Please retype the entries below word for word, passing over every picture.

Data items
####
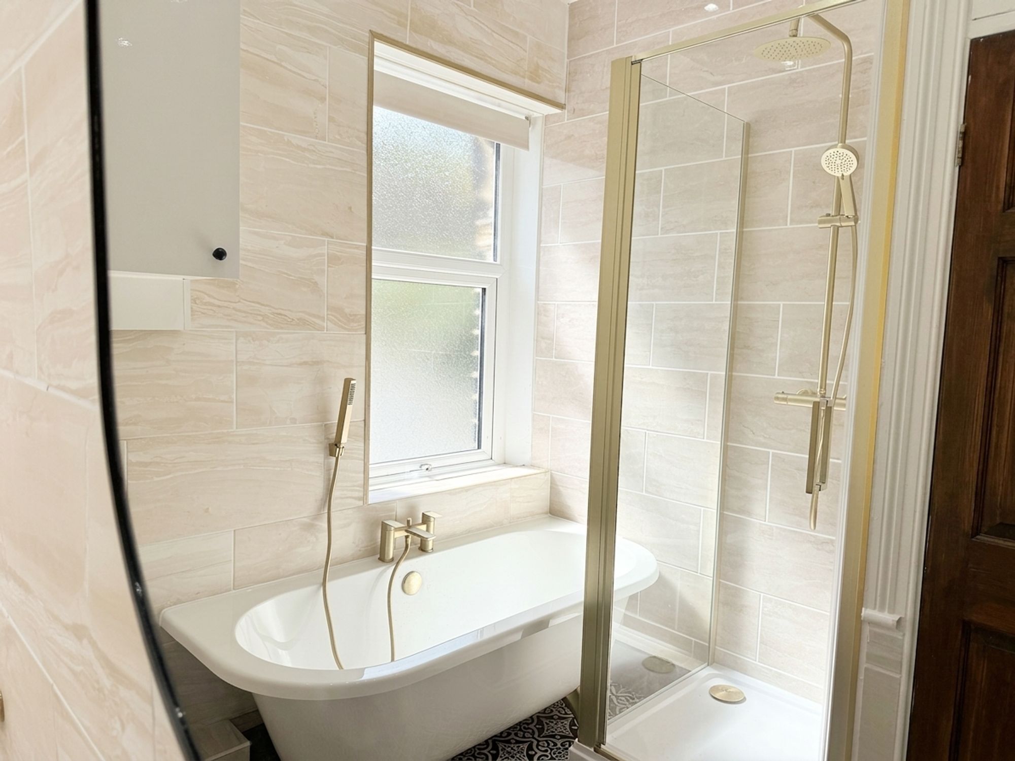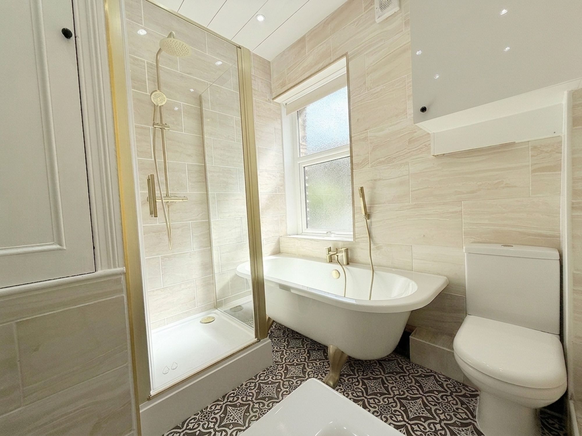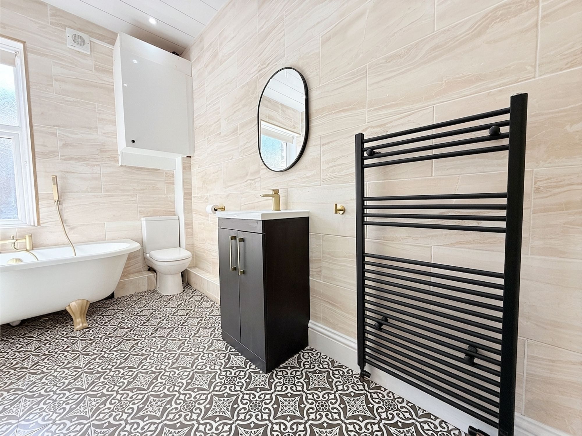 A stunning modern family bathroom fitted with a full-sized bath with brushed brass mixer tap and handheld shower attachment, along with a separate shower cubicle featuring a rainfall shower head and additional handheld attachment. There is a contemporary vanity sink unit with storage below, WC, and a striking black heated towel rail. Finished with neutral wall tiling and patterned floor tiles, the space also benefits from a built-in linen cupboard above the stair bulkhead.
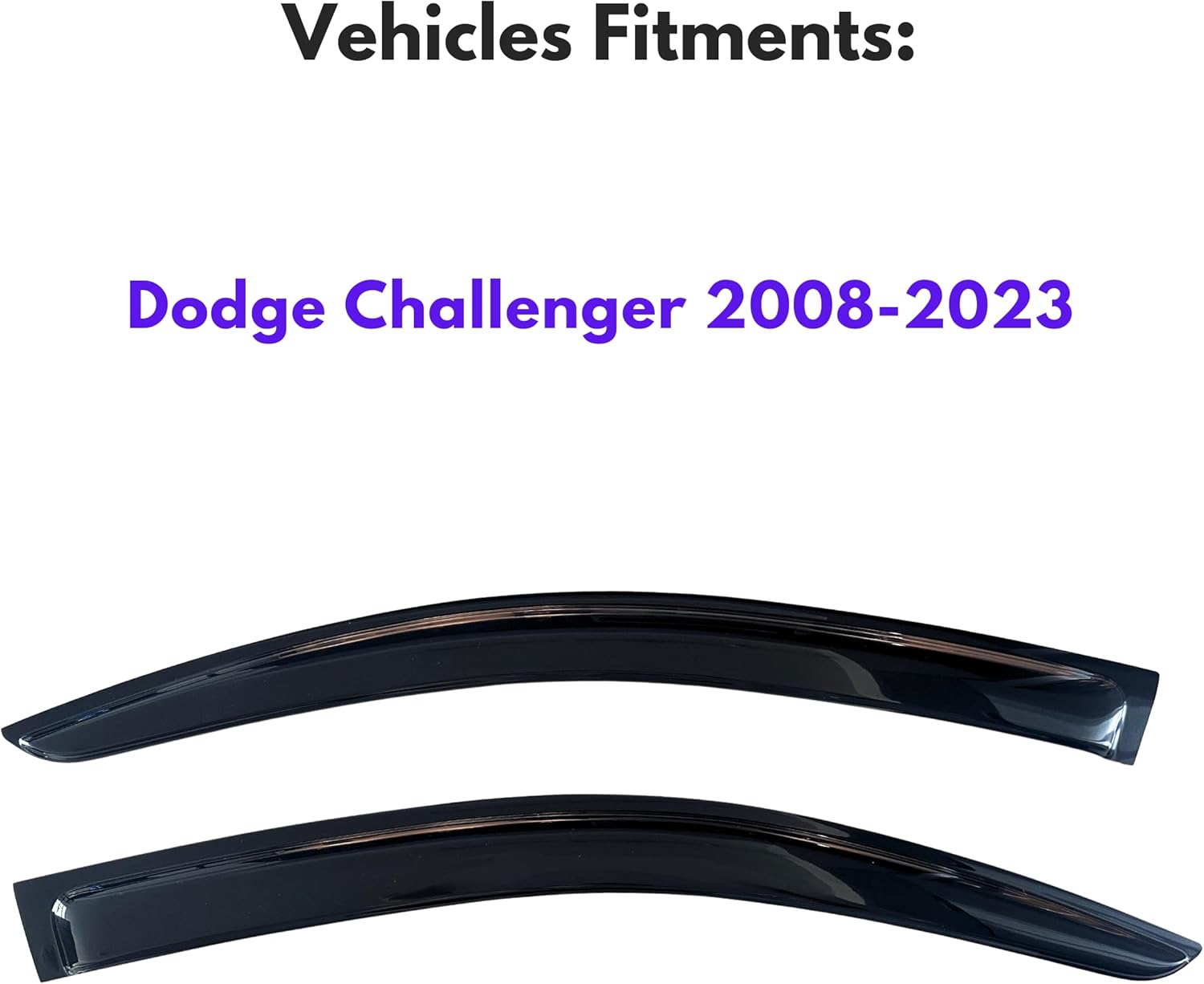 KPY Window Visor Compatible with Dodge Challenger 2008-2023, 2PC Rain Guard Side Window Vent Deflectors Tape-On Style, 2008 2009 2010 2011 2012 2013 2014 2015 2016 2017 2018 2019 2020 2021 2022 2023
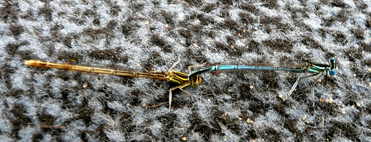 Torüch kaamt Se denn mit'n Zurück-Knoop vun den Browser. De eerst Fohrt up den "Amazonas des Nordens", de Wakenitz, hett uns so goot gefullen, dat wi al wedder up den Wakenitzdamper na Rotenhusen ünnerwegens weern. Un wedder weern Swattfohrer an Bord! Dittmal weern se up de Hochtietsreis. Blaue Federlibelln weern dat, de kannst faken an't Water drapen, sünnerlich wenn dat en reines, ruhiges Water is dor sünd se tohuus. Se wullen ehr Hochtiet an Bord fiern! De Libellen kemen glieks in Tandem anflagen. He weer blaag as Mannslüüd dat ja oftins op Hochtieden sünd, ok bi uns Minschen; avers de Libellerich vun düsse Oort is alltiet blaag, nich blots bi de Hochtiet. Un dat is en schönes, lüchen Blaag. De Bruut weer hellbruun, so seht de Fruuns bi de Blaue Federlibelle ut, vun Kind an. Vörn up dat Lief un an'n Kopp harr uns Libelle schöne Striepen in depes Düüsterbruun un Ocker, meist as en Tigerin. Dat weer en wunnerschöne, rassige Bruut!
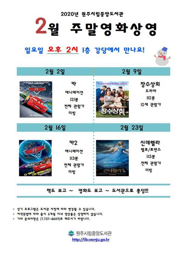 2월에는 어린이와 온 가족이 즐길 수 있는 ‘카’, ‘장수상회’, ‘카2’, ‘신데렐라’를 매주 일요일 오후 2시 도서관 1층 강당에서 차례로 상영한다.
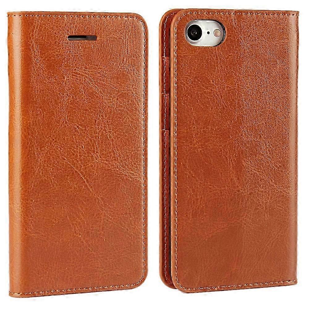 For Iphone Se (2020)/se (2022)/8/7 4.7 Inch Oiled-edgingcrazy Horse Genuine Leather Attached Hard Pc Inner Case Wallet Stand Flip Phone Cover
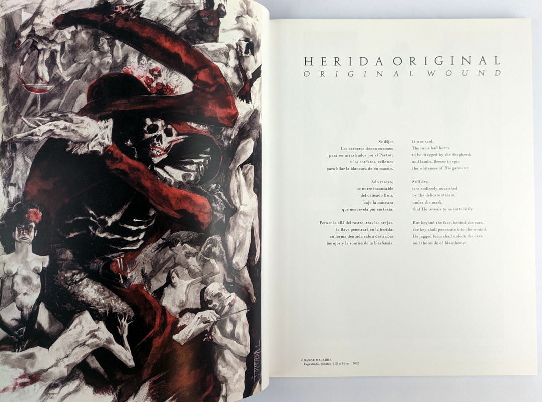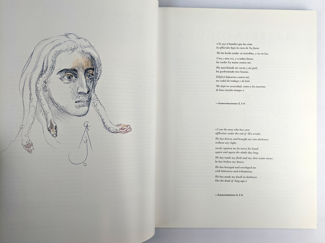 The first monograph collecting a wide range of works of Argentine symbolist and surreal artist Santiago Caruso (1982-). Materia Oscura documents the best works he produced between 2002 and 2017. Includes a short introduction by Enrique Alcatena, a short biography, and an essay and poems by the artist in both English and Spanish. This copy signed with an original drawing of a head with snake hair.
####
▸ **Written reply**
 A stunning modern family bathroom fitted with a full-sized bath with brushed brass mixer tap and handheld shower attachment, along with a separate shower cubicle featuring a rainfall shower head and additional handheld attachment. There is a contemporary vanity sink unit with storage below, WC, and a striking black heated towel rail. Finished with neutral wall tiling and patterned floor tiles, the space also benefits from a built-in linen cupboard above the stair bulkhead.
 KPY Window Visor Compatible with Dodge Challenger 2008-2023, 2PC Rain Guard Side Window Vent Deflectors Tape-On Style, 2008 2009 2010 2011 2012 2013 2014 2015 2016 2017 2018 2019 2020 2021 2022 2023
 Torüch kaamt Se denn mit'n Zurück-Knoop vun den Browser. De eerst Fohrt up den "Amazonas des Nordens", de Wakenitz, hett uns so goot gefullen, dat wi al wedder up den Wakenitzdamper na Rotenhusen ünnerwegens weern. Un wedder weern Swattfohrer an Bord! Dittmal weern se up de Hochtietsreis. Blaue Federlibelln weern dat, de kannst faken an't Water drapen, sünnerlich wenn dat en reines, ruhiges Water is dor sünd se tohuus. Se wullen ehr Hochtiet an Bord fiern! De Libellen kemen glieks in Tandem anflagen. He weer blaag as Mannslüüd dat ja oftins op Hochtieden sünd, ok bi uns Minschen; avers de Libellerich vun düsse Oort is alltiet blaag, nich blots bi de Hochtiet. Un dat is en schönes, lüchen Blaag. De Bruut weer hellbruun, so seht de Fruuns bi de Blaue Federlibelle ut, vun Kind an. Vörn up dat Lief un an'n Kopp harr uns Libelle schöne Striepen in depes Düüsterbruun un Ocker, meist as en Tigerin. Dat weer en wunnerschöne, rassige Bruut!
 2월에는 어린이와 온 가족이 즐길 수 있는 ‘카’, ‘장수상회’, ‘카2’, ‘신데렐라’를 매주 일요일 오후 2시 도서관 1층 강당에서 차례로 상영한다.
 For Iphone Se (2020)/se (2022)/8/7 4.7 Inch Oiled-edgingcrazy Horse Genuine Leather Attached Hard Pc Inner Case Wallet Stand Flip Phone Cover
 The first monograph collecting a wide range of works of Argentine symbolist and surreal artist Santiago Caruso (1982-). Materia Oscura documents the best works he produced between 2002 and 2017. Includes a short introduction by Enrique Alcatena, a short biography, and an essay and poems by the artist in both English and Spanish. This copy signed with an original drawing of a head with snake hair.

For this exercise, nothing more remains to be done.